Choose the following settings for a maximum number of faces (geometric parts forming the mesh surface), and then click OK.
  • Source data: Sparse cloud
  • Surface type: Arbitrary (3D)
  • Face count: Custom > 0
  • Interpolation: Enabled (default)
  • Calculate vortex colors (Advanced settings): Yes
To create a smooth mesh,
click Tools > Mesh > Smooth Mesh 
and input the following values, then click OK.
  • Strength: 15
  • Fix borders (Advanced settings): Yes

Generating an Orthomosaic

You will now generate an orthomosaic using the mesh you created above. NOTE: This step works only if you have the licensed version of Agisoft, it in unavailable in the DEMO mode. If you are working in a DEMO mode, the outputs will be provided for you to download.
Workflow > Build Orthomosaic
and input the below settings, then click OK.
  • Projection type: Geographic
  • Projection: WGS 84 / UTM 32N (EPSG::32632)
  • Surface: Mesh
  • Blending mode: Mosaic
  • Enable hole filling: Yes
  • Pixel size: leave default setting
To export your orthomosaic as a GeoTIFF file,
click File > Export > Export Orthomosaic> Export JPEG/TIFF/PNG, 
name the files as follows and save them.
  • RGB: “orthophoto_RGB”
  • RED: “orthophoto_RED”
Use the following settings:
  • Projection type: Geographic
  • Project: WGS 84 / UTM 32N (EPSG::32632)
  • Pixel size: leave default settings
  • Output file: Write big TIFF file

GRASS GIS part

Generating spectral indices from UAS-derived orthomosaics

The RGB sensor on the Parrot Sequoia is equipped with a rolling shutter while the multispectral sensors use a global shutter. These differences can impact the registration of the different bands, and cause geometric distortions.
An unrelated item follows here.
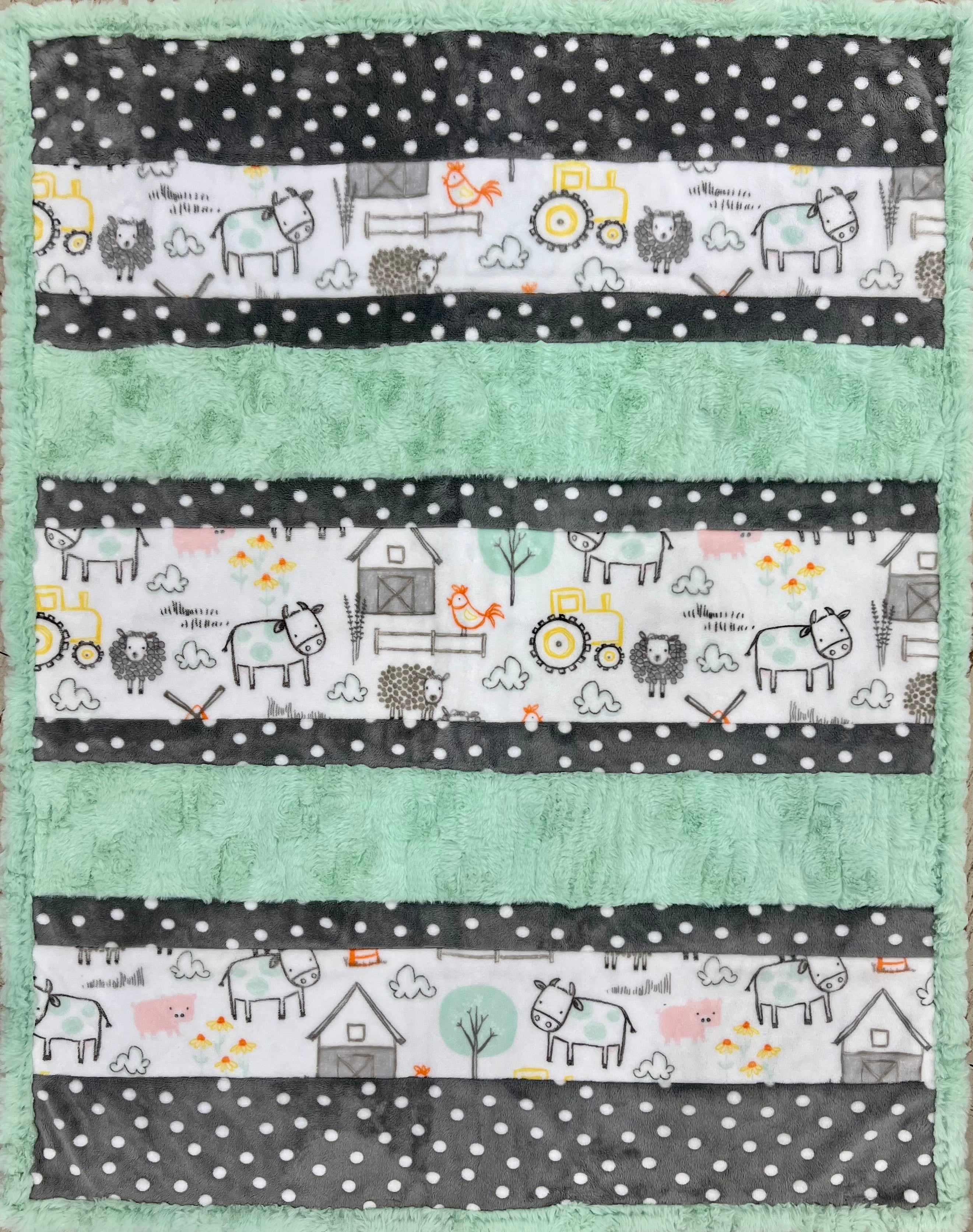 Old MacDonald had a... minky fabric quilt! This farm-themed minky plush quilt kit is about as cute as it gets, and features classic farm animals, tractors and barns illustrated in a fun kid-friendly style. This Bambino Cuddle® kit quilt is approximately 28” by 37” and includes a pattern and strips for the quilt top, backing and binding.

Additionally, the four spectral sensors are slightly offset from each other on the Parrot Sequoia, which leads to band misregistration and can affect the calculation of spectral indices by preventing the bands from being combined into an orthomosaic. To achieve optimal results, it is necessary to perform an extra step to align the bands when preprocessing spectral orthomosaics.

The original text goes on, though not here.